Lewin ha portato in vita questa storia originale con un cast di grandi talenti che incarnano personaggi inediti sul grande schermo: John Hawkes interpreta O’Brien, Helen Hunt è Cheryl Cohen-Greene e William H. Macy è il prete che sussurra nell’orecchio di Mark la sua benedizione prima che questi inizi ad assaporare i piaceri della vita. Il film è stato presentato al Sundance Film Festival, dove si è aggiudicato l’ambito Premio del Pubblico e della Giuria per l’intero cast.

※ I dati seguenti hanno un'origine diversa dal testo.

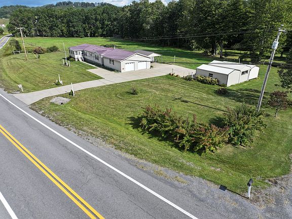 Grassy Flats. Located between Lewisburg and Beckley, the 46 acre property offers maximum opportunity and convenient living. House is a 4 BR, 3 bath upscale triple wide manufactured home with enclosed porches. ~4500 sq ft of concrete driveway, workspaces, and sidewalks. ~900 sq ft 4 car detached garage and 3 outbuildings. A spacious residence with open floor plan featuring a kitchen/ great room; cathedral ceilings; ensuite primary bedroom with additional flex space for office, nursery; convenient mud room with half bath; plus, an enclosed porch with hot tub, and windowed back porch for perfect nature viewing. Property is gorgeous, mostly level, large pasture, and plenty of room to expand pastures or expand for building sites. No restrictions, visible from I64, excellent road frontage. Additional Information on 2871 Grassy Meadows Rd, Alderson, WV 24910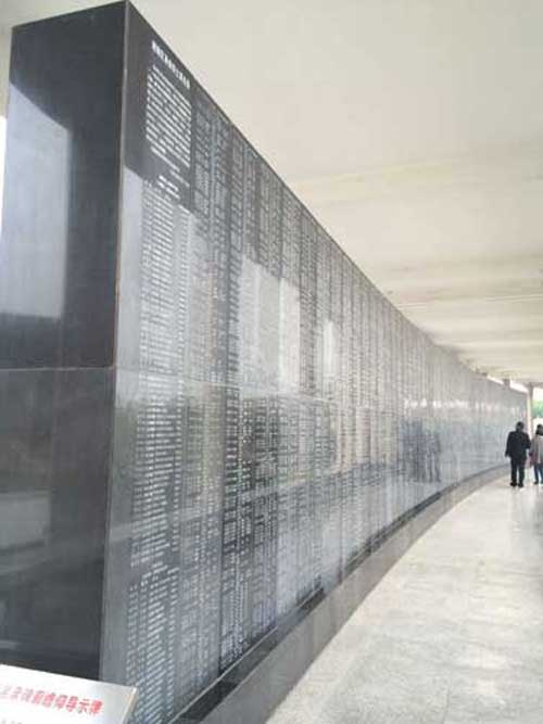 這里有一面全世界最震撼的墻,無數(shù)的大理石碑集合成四塊巨大的碑林墻,墻體兩側(cè),銘刻著濱州老鄉(xiāng)們能夠查找到的五萬五千三百零八個烈士的名字。導游的小姑娘告訴我們,這份名單肯定不全,說不定翻一倍不止,但是我們條件有限,那么動亂的年代,也就只收集到了這些人的名字、職務(wù)、犧牲地。說著,她用手指著不遠處彎腰看碑文的一個老大爺,說這地方經(jīng)常有人前來祭奠。
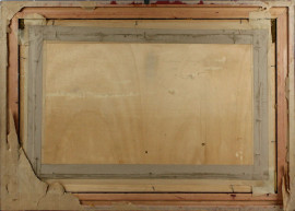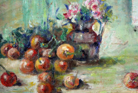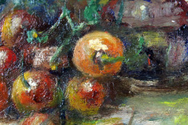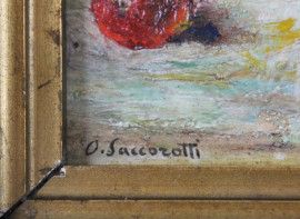 Natura morta-vaso con fiori e arance, olio su compensato, cm 19x27, firmato, entro cornice
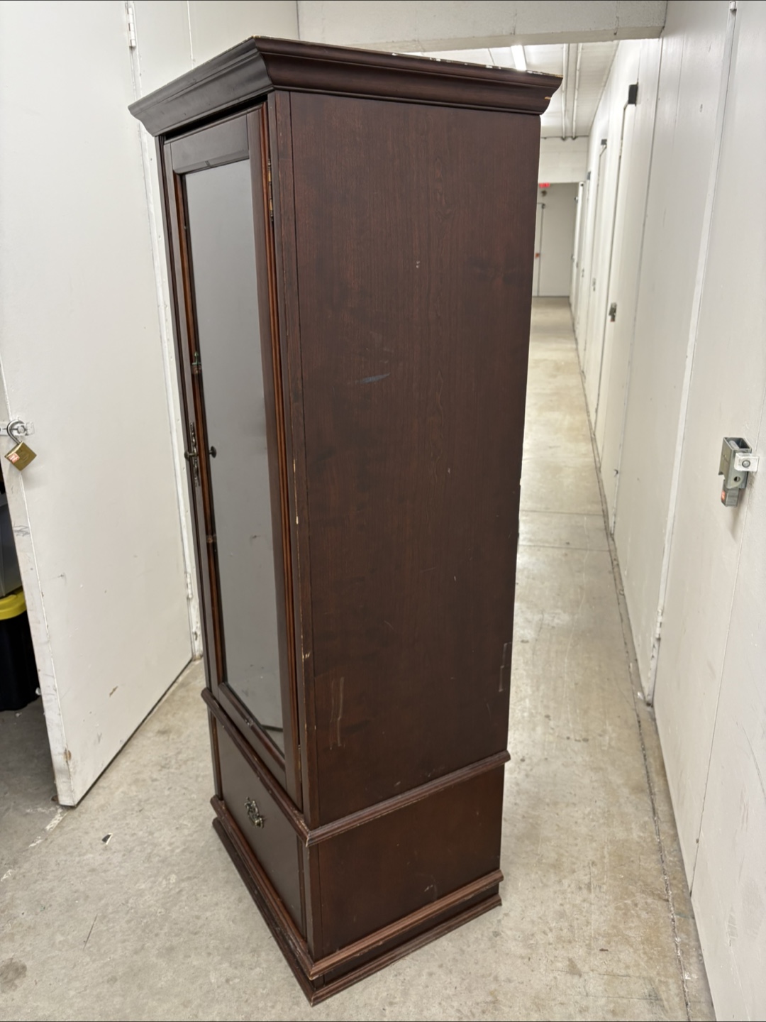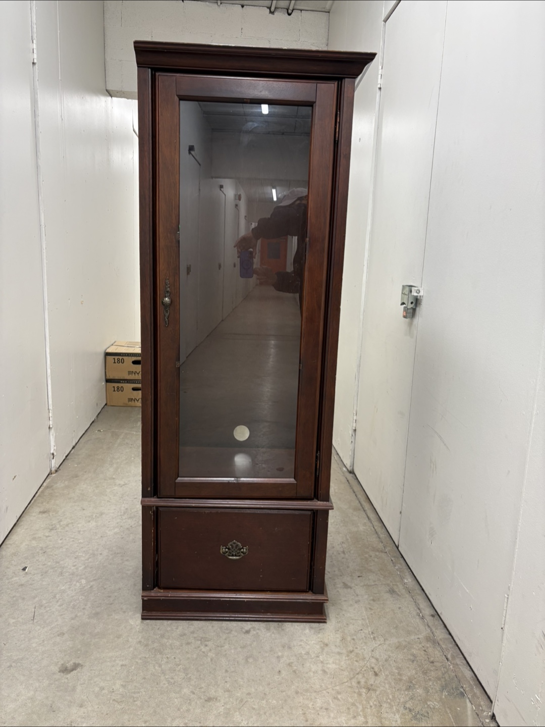 Selling a dark wood display cabinet with a glass door and a drawer at the bottom. It's in good condition and would be great for displaying collectibles or storing items. There's a hole in the back panel. Perfect for any room!

Ben Lewin dice di aver sempre considerato THE SESSIONS una storia d’amore, sebbene di un genere diverso, che finora non era ancora stato visto dalla maggior parte del pubblico. “Questo film non segue la traccia tipica delle storie d’amore”, conferma il regista. “Ma ho cercato di trasmettere in quest’opera cinematografica tutta la forza e l’autenticità con cui Mark aveva scritto il suo libro. La sua storia è senza dubbio totalmente e genuinamente inedita”.
L’esperienza personale di Lewin con la polio gli ha dato una prospettiva autentica e la sua priorità era portare la voce lirica e affilata come un rasoio di O’Brien sul grande schermo. “Anche se non me lo ricordo, anche io sono stato in un polmone d’acciaio quando ho contratto la poliomelite”, spiega lo scrittore-regista. “Gradualmente ho recuperato l’uso della parte superiore del corpo e degli arti inferiori. Credo che il percorso emotivo di Mark sia stata un’esperienza unica e allo stesso tempo condivisibile da tanti altri”.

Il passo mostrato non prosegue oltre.